▶ Data section:

--------------------------------

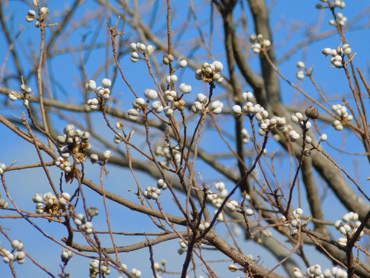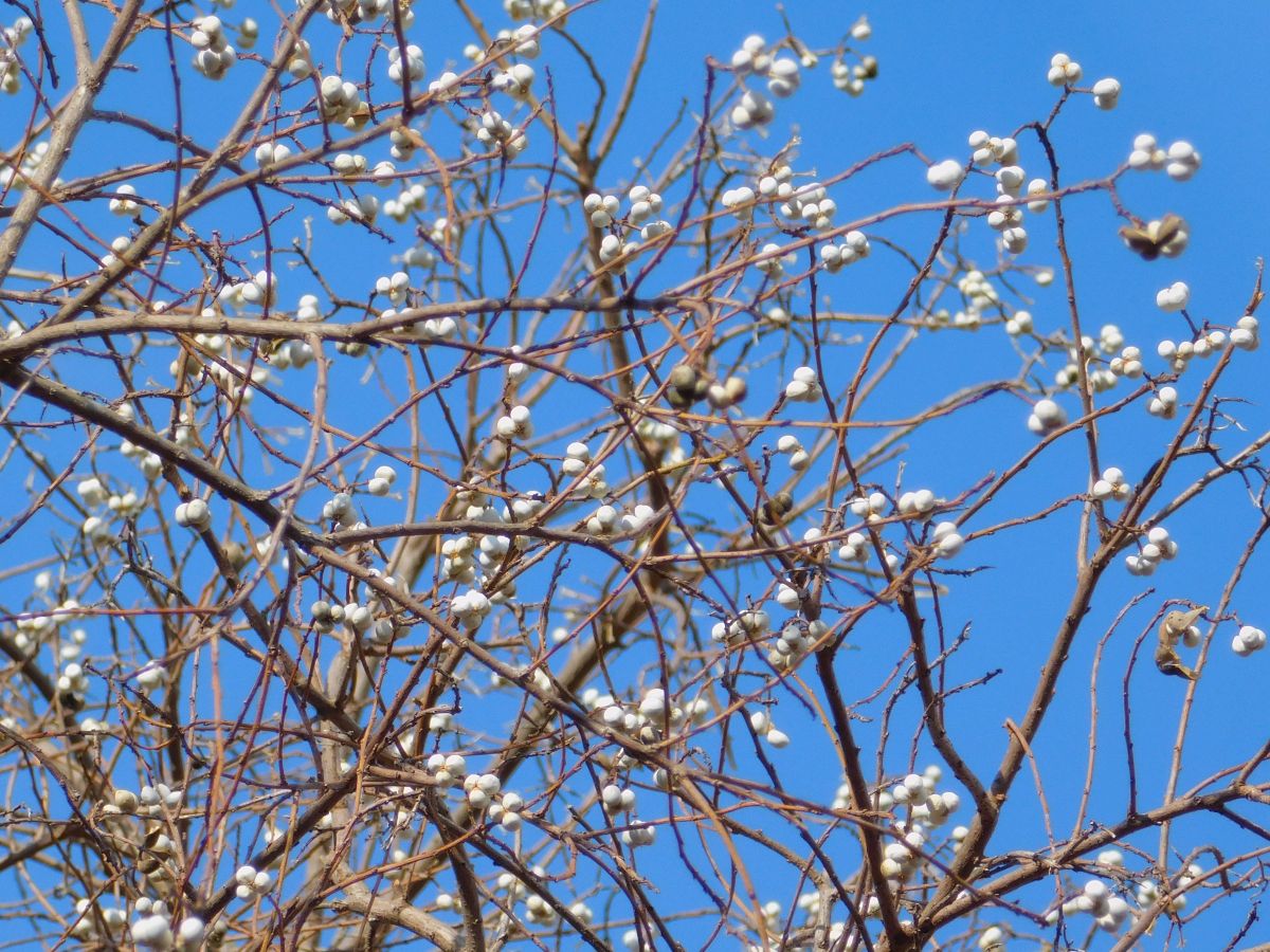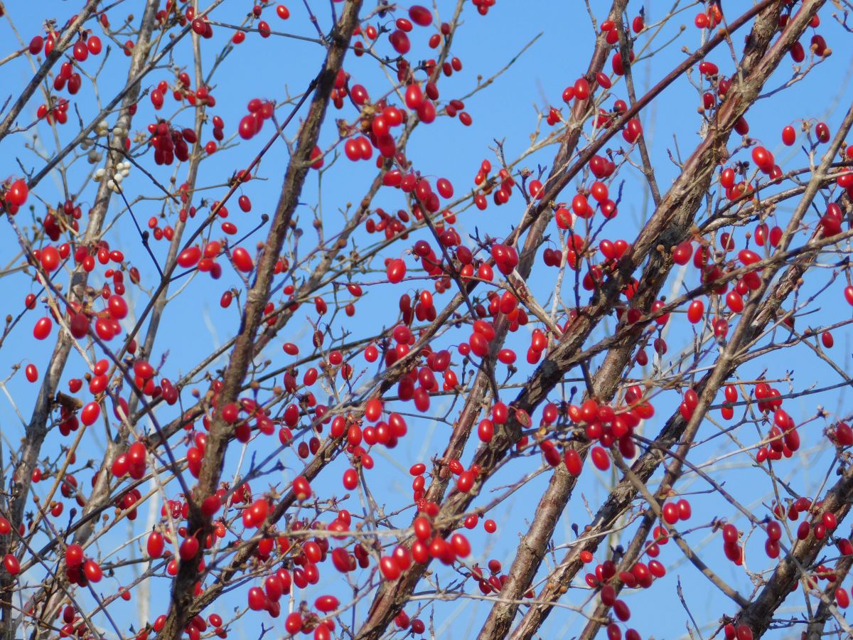 青空に浮かぶ紅白の玉 ~南京櫨と山茱萸の実~
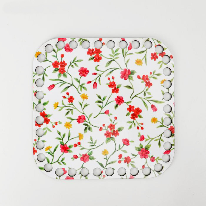 Деревянная заготовка для вязания из трикотажной пряжи. Предает жесткость дну корзинки и устойчивость. Цветная печать на глянцевой пленке.Материал ДВП.
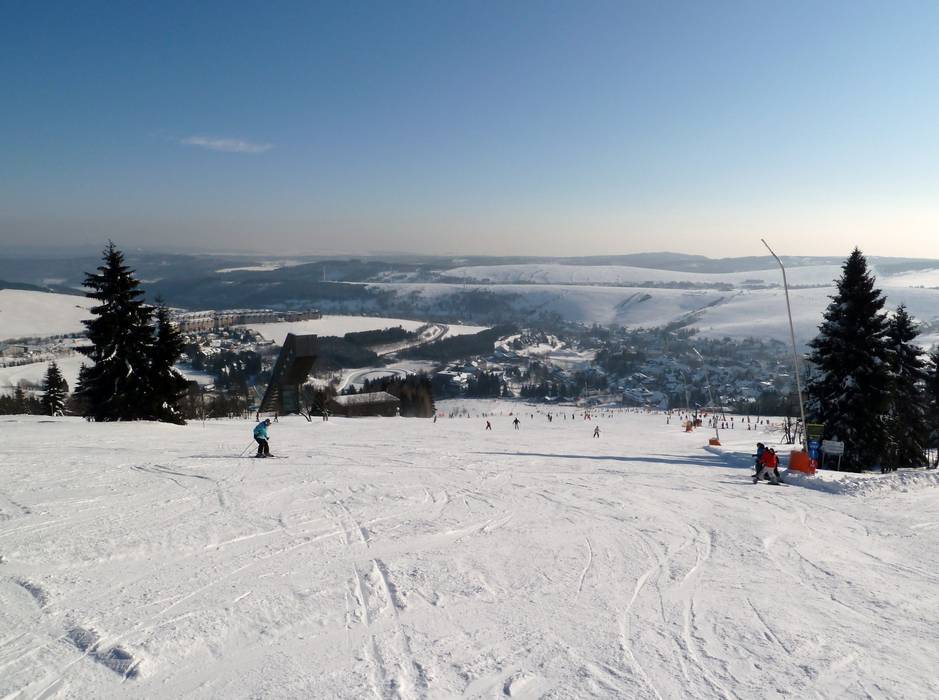 Leichte Pisten ziehen sich vom Berg bis ins Tal. An den Schleppliften am Kleinen Fichelberg und am Schlepplift Himmelsleiter sind die besten Abfahrten für die Anfänger. Im Ort Oberwiesenthal steht ein Übungsgelände zur Verfügung.

--------------------------------

▶ Work instructions: Without the pictures, retype the whole of the material above exactly.

▶ Solved problem:
 青空に浮かぶ紅白の玉 ~南京櫨と山茱萸の実~
 Деревянная заготовка для вязания из трикотажной пряжи. Предает жесткость дну корзинки и устойчивость. Цветная печать на глянцевой пленке.Материал ДВП.
 Leichte Pisten ziehen sich vom Berg bis ins Tal. An den Schleppliften am Kleinen Fichelberg und am Schlepplift Himmelsleiter sind die besten Abfahrten für die Anfänger. Im Ort Oberwiesenthal steht ein Übungsgelände zur Verfügung.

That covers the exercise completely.